* GOAL OF THE EXERCISE
The reply should match the listing below character for character, except that no image is carried over.

* DATASET CONTENT
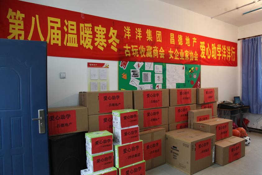 就在2015年12月9日的今天,“秦皇島市洋洋集團(tuán)總裁劉洋女士”攜手秦皇島市女企業(yè)家協(xié)會(huì)代表、秦皇島古玩收藏商會(huì)代表和新花卉、古玩城、購(gòu)物中心商戶代表共計(jì)30余人到青龍縣涼水河鄉(xiāng)六株坪小學(xué)把暖冬愛(ài)心活動(dòng)籌集到的善款和購(gòu)買的書包、糖果、運(yùn)動(dòng)籃球、足球等物品送到孩子們的手中,另外洋洋集團(tuán)購(gòu)買了復(fù)印和打印一體機(jī)捐贈(zèng)給學(xué)校,同時(shí)給孩子們送去了洋洋人的關(guān)愛(ài)和社會(huì)的溫暖。
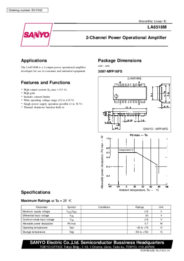 Datasheet LA6518M:
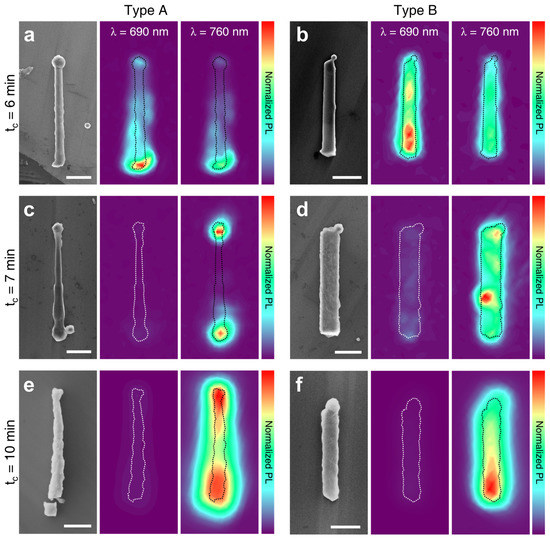 To understand the role of the nanowire axial orientations (and corresponding sidewall orientations) in the organic-inorganic hybrid perovskite conversion process, we exposed the substrate containing as-grown free standing PbI2 nanowires (both type A and B) to the vapor phase CH3NH3I (MAI). The nanowires were converted into CH3NH3PbI3 (MAPbI3) using 50 mg MAI at T = 130 ℃ and P = 1.3 × 104 Pa under 100 cm3/min Ar flow, and the variations in sidewall morphology and corresponding optical properties as a function of the conversion time, tc, were monitored. Figure 3 demonstrates representative SEM images and photoluminescence (PL) intensity mappings at two different wavelengths (λ = 690 and 760 nm) of type A and B PbI2 nanowires exposed to MAI vapor for various tc of 6, 7, and 10 min. It is notable that, as tc increased, the nanowire sidewall surfaces became rougher for both type A (Figure 3a,c,e) and B (Figure 3b,d,f). Moreover, corresponding PL intensity mappings suggest that there exists a local difference in the degree of conversion, according to the nanowire axial orientation. When tc = 6 min, the [0001]-oriented type A nanowire showed strong PL intensity at λ = 690 nm (intermediate between pure PbI2 at 518 nm and pure MAPbI3 at 760 nm) near the bottom, while the [20]-oriented type B exhibited relatively even intensity distribution over the entire domain. Comparison of the intensity distribution at λ = 760 nm also supports that the conversion occurs more uniformly for type B than type A at the initial stage. As the conversion process continued to 7 min, the PL signal at 690 nm almost disappeared for type A, whereas the emission remained in the overall domain for type B, despite the weak intensity (Figure 3c,d). Importantly, the 760 nm emissions showed a clear local difference between type A and B. In type A, PL signals were observed only from the bottom and top region of the nanowire, while relatively even distribution was observed from type B, implying that MAI intercalation occurs in a different manner for type A and B, presumably due to the dissimilar surface diffusion behavior according to the sidewall facets. When the conversion time was further elongated to 10 min (Figure 3e,f), type A maintained intense 760 nm emission at the top and bottom region, as opposed to the type B with relatively regular distribution in the overall domain. At this stage, the 690 nm emissions became completely extinct for both types, indicating complete conversion into MAPbI3.

* TASK SOLUTION
 就在2015年12月9日的今天,“秦皇島市洋洋集團(tuán)總裁劉洋女士”攜手秦皇島市女企業(yè)家協(xié)會(huì)代表、秦皇島古玩收藏商會(huì)代表和新花卉、古玩城、購(gòu)物中心商戶代表共計(jì)30余人到青龍縣涼水河鄉(xiāng)六株坪小學(xué)把暖冬愛(ài)心活動(dòng)籌集到的善款和購(gòu)買的書包、糖果、運(yùn)動(dòng)籃球、足球等物品送到孩子們的手中,另外洋洋集團(tuán)購(gòu)買了復(fù)印和打印一體機(jī)捐贈(zèng)給學(xué)校,同時(shí)給孩子們送去了洋洋人的關(guān)愛(ài)和社會(huì)的溫暖。
 Datasheet LA6518M:
 To understand the role of the nanowire axial orientations (and corresponding sidewall orientations) in the organic-inorganic hybrid perovskite conversion process, we exposed the substrate containing as-grown free standing PbI2 nanowires (both type A and B) to the vapor phase CH3NH3I (MAI). The nanowires were converted into CH3NH3PbI3 (MAPbI3) using 50 mg MAI at T = 130 ℃ and P = 1.3 × 104 Pa under 100 cm3/min Ar flow, and the variations in sidewall morphology and corresponding optical properties as a function of the conversion time, tc, were monitored. Figure 3 demonstrates representative SEM images and photoluminescence (PL) intensity mappings at two different wavelengths (λ = 690 and 760 nm) of type A and B PbI2 nanowires exposed to MAI vapor for various tc of 6, 7, and 10 min. It is notable that, as tc increased, the nanowire sidewall surfaces became rougher for both type A (Figure 3a,c,e) and B (Figure 3b,d,f). Moreover, corresponding PL intensity mappings suggest that there exists a local difference in the degree of conversion, according to the nanowire axial orientation. When tc = 6 min, the [0001]-oriented type A nanowire showed strong PL intensity at λ = 690 nm (intermediate between pure PbI2 at 518 nm and pure MAPbI3 at 760 nm) near the bottom, while the [20]-oriented type B exhibited relatively even intensity distribution over the entire domain. Comparison of the intensity distribution at λ = 760 nm also supports that the conversion occurs more uniformly for type B than type A at the initial stage. As the conversion process continued to 7 min, the PL signal at 690 nm almost disappeared for type A, whereas the emission remained in the overall domain for type B, despite the weak intensity (Figure 3c,d). Importantly, the 760 nm emissions showed a clear local difference between type A and B. In type A, PL signals were observed only from the bottom and top region of the nanowire, while relatively even distribution was observed from type B, implying that MAI intercalation occurs in a different manner for type A and B, presumably due to the dissimilar surface diffusion behavior according to the sidewall facets. When the conversion time was further elongated to 10 min (Figure 3e,f), type A maintained intense 760 nm emission at the top and bottom region, as opposed to the type B with relatively regular distribution in the overall domain. At this stage, the 690 nm emissions became completely extinct for both types, indicating complete conversion into MAPbI3.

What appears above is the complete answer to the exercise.